● **Exercise prompt**
Your output should be the lines below from the one holding "Denne jakke er" through the one holding "アートメイクの肝はデッサン能", transcribed exactly, with no pictures.

● **Provided records**
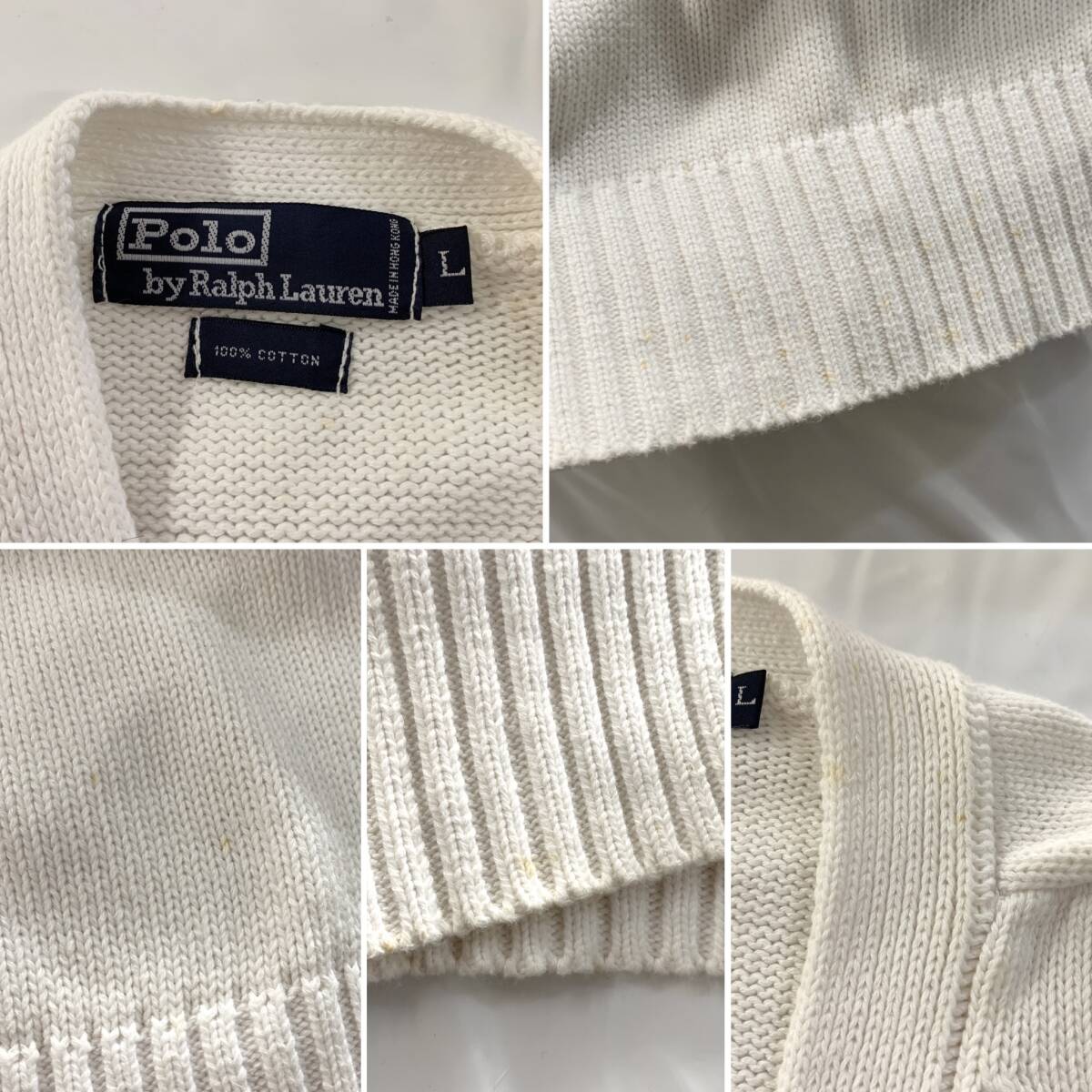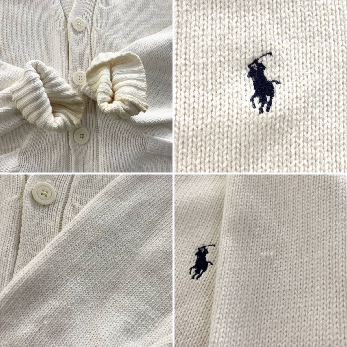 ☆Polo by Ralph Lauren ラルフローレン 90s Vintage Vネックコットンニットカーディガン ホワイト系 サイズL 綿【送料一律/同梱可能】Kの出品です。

==

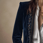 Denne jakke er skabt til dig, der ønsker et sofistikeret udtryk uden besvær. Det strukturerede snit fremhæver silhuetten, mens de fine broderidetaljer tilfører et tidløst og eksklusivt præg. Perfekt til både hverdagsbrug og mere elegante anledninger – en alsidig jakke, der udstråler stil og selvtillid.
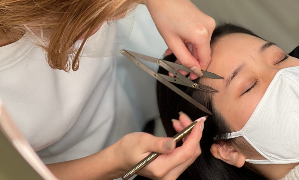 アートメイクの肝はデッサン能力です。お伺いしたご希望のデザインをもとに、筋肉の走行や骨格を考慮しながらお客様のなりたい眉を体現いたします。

● **Response to the exercise**
 Denne jakke er skabt til dig, der ønsker et sofistikeret udtryk uden besvær. Det strukturerede snit fremhæver silhuetten, mens de fine broderidetaljer tilfører et tidløst og eksklusivt præg. Perfekt til både hverdagsbrug og mere elegante anledninger – en alsidig jakke, der udstråler stil og selvtillid.
 アートメイクの肝はデッサン能力です。お伺いしたご希望のデザインをもとに、筋肉の走行や骨格を考慮しながらお客様のなりたい眉を体現いたします。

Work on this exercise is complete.